Guest Opinion: Laying the foundation for Kottinger Gardens


This month, residents are moving into 52 new affordable apartments for elders on the south side of Kottinger Drive. This is the culmination of an 18-year effort to replace small and old units at Pleasanton Gardens with larger, accessible and energy efficient apartment homes.

These units are part of the new Kottinger Gardens development by MidPen Housing in partnership with the city of Pleasanton and Pleasanton Gardens Inc., which contributed the 2-acre site for redevelopment.

To see how we got to this day, it is informative to look back to an earlier time.

In 1966, the population of Pleasanton was about 16,000. A small group of far-sighted individuals led by the Rev. Robert Stuart Vogt, the pastor of the Pleasanton Presbyterian Church, came together to consider establishing very affordable elder housing in the town.

After they garnered support from the city, they formed a community-based, not-for-profit corporation. Members from four congregations nominated two directors each: the First Baptist Church, Pleasanton Presbyterian Church, St. Augustine Parish and Lynnewood United Methodist Church. An "at-large" director was added to represent the wider community.

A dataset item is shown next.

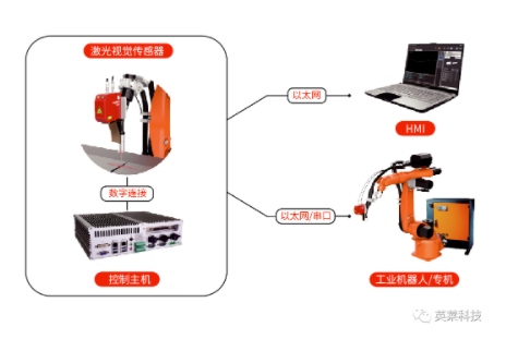 激光視覺焊縫跟蹤系統(tǒng)由焊縫跟蹤傳感器及控制主機(jī)組成,傳感器負(fù)責(zé)焊縫信息的主動采集,控制主機(jī)負(fù)責(zé)焊縫信息的實時處理,并與工業(yè)機(jī)器人或焊接專機(jī)保持實時通訊,讓工業(yè)機(jī)器人或焊接專機(jī)實現(xiàn)焊縫尋位、焊縫實時跟蹤的功能,識別焊縫偏移矯正焊接軌跡,實現(xiàn)真正的智能化焊接。
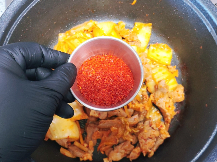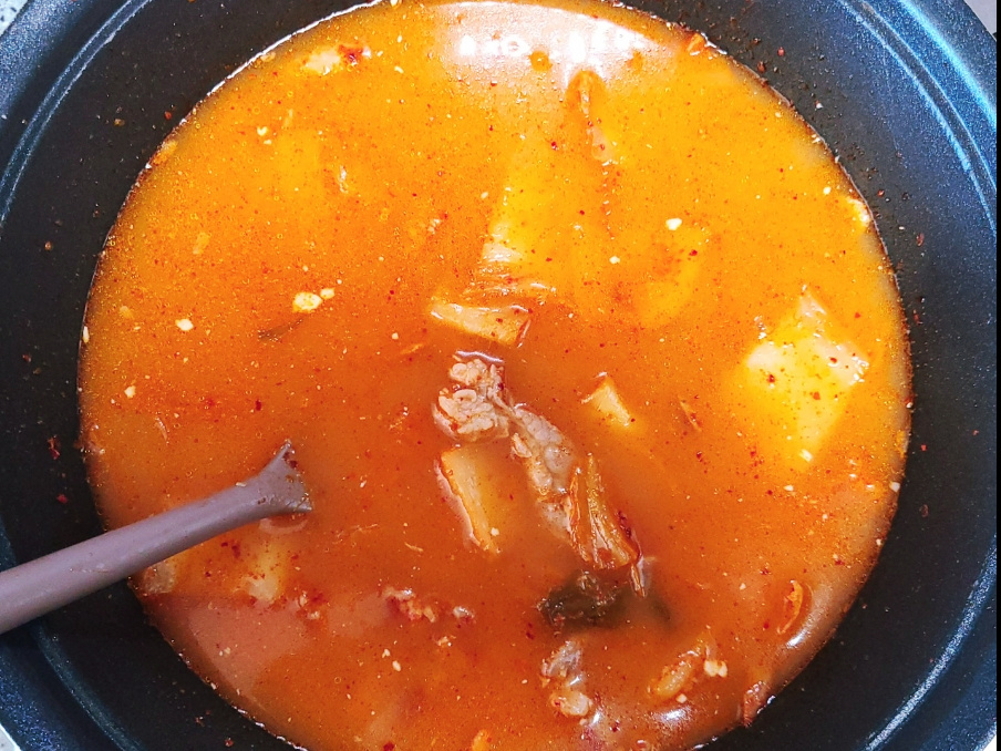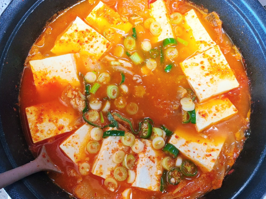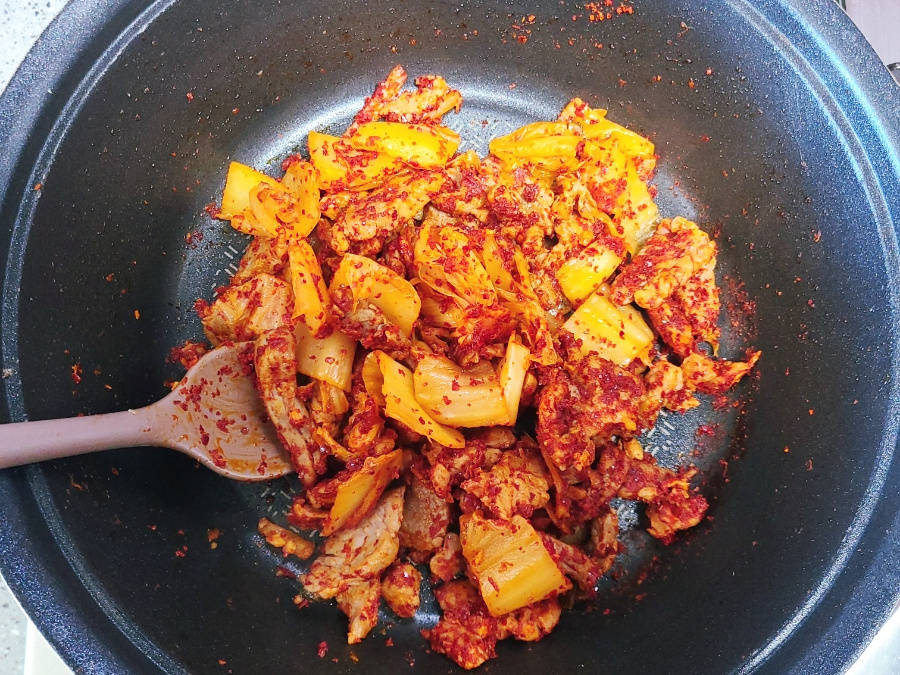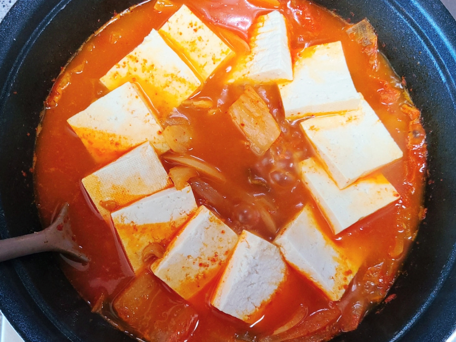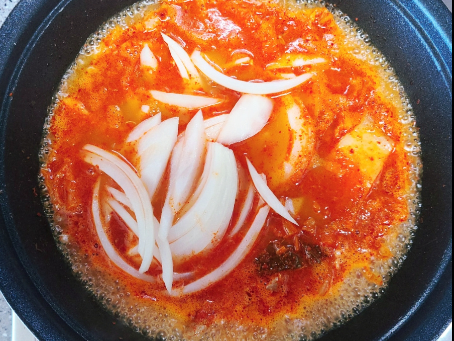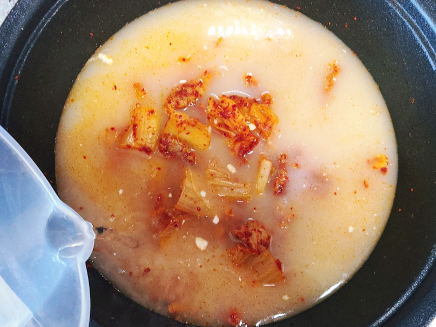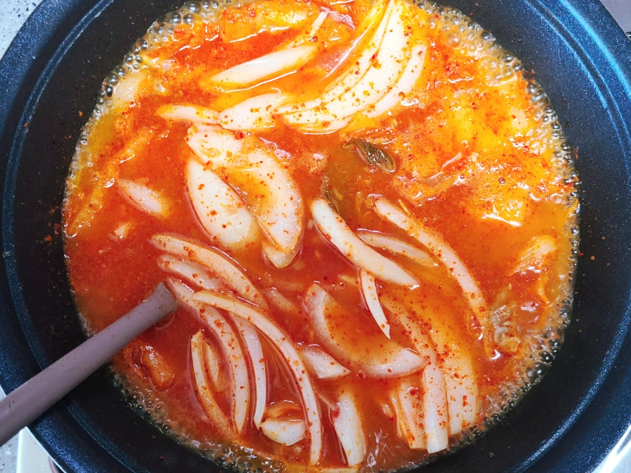 ▶김치는 충분히 볶고 푸~욱 끓여주세요.

The new corporation successfully applied to the U.S. Department of Housing and Urban Development (HUD) -- for construction funding and ongoing resident rental assistance.

The first residents moved into 40 garden apartments during the fall of 1969. Pleasanton Gardens assumed a mortgage of $540,000, and the board agreed to follow HUD guidelines and provide very low-cost housing for 40 years.

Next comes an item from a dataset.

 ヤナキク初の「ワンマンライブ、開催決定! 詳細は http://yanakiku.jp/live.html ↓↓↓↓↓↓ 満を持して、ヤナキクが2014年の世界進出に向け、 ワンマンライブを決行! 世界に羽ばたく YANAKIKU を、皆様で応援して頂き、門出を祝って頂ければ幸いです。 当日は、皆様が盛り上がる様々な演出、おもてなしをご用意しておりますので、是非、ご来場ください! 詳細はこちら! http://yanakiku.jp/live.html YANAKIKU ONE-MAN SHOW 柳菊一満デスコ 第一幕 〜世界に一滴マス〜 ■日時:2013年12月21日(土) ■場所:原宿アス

As time went by, Pleasanton Gardens was a partner in several community endeavors. For years, Spectrum Community Services operated its senior meals in the clubhouse. Likewise, in the early days of the Senior Support Program of the Tri-Valley, their events found a home at 251 Kottinger Drive.

As Pleasanton Gardens partnered with other organizations to meet the needs of the wider community, so it also benefited from assistance from other groups:

* The Rotary Club of Pleasanton North completed a dozen work days to refurbish kitchens and bathrooms in the apartments. The club also put on a gala Valentine's Day "Sweethearts Dinner" for years.

* The Livermore-Amador Valley Garden Club did summer cleanups of the 23 trees and many bushes around the apartments and a winter pruning of the 121 rose bushes on the property.

* Boy Scouts seeking the Eagle Award organized fellow Scouts and Scout parents in varied endeavors.

* The city of Pleasanton was a regular supporter with awards of federal Community Development Block Grants.

After completing the initial contract with HUD, the Board of Directors chose to continue operation in the government mode. This meant that the 32 Section 8 housing subsidies and the annual grants for the senior service coordinator continued and provide a significant contribution to the operating budget of the new Kottinger Gardens.

Credit should be given to the members of the Pleasanton Gardens Board of Directors for their perseverance in the seemingly unending planning process. And the Pleasanton Gardens operation benefited from the efforts of a former administrator who served for 26 years, and Claire Chow, MA, MFT, the service coordinator for 13 years.

Thanks to all who persevered in this effort!

Editor's note: Bruce Fiedler served as the administrator of Pleasanton Gardens until his retirement in 2012.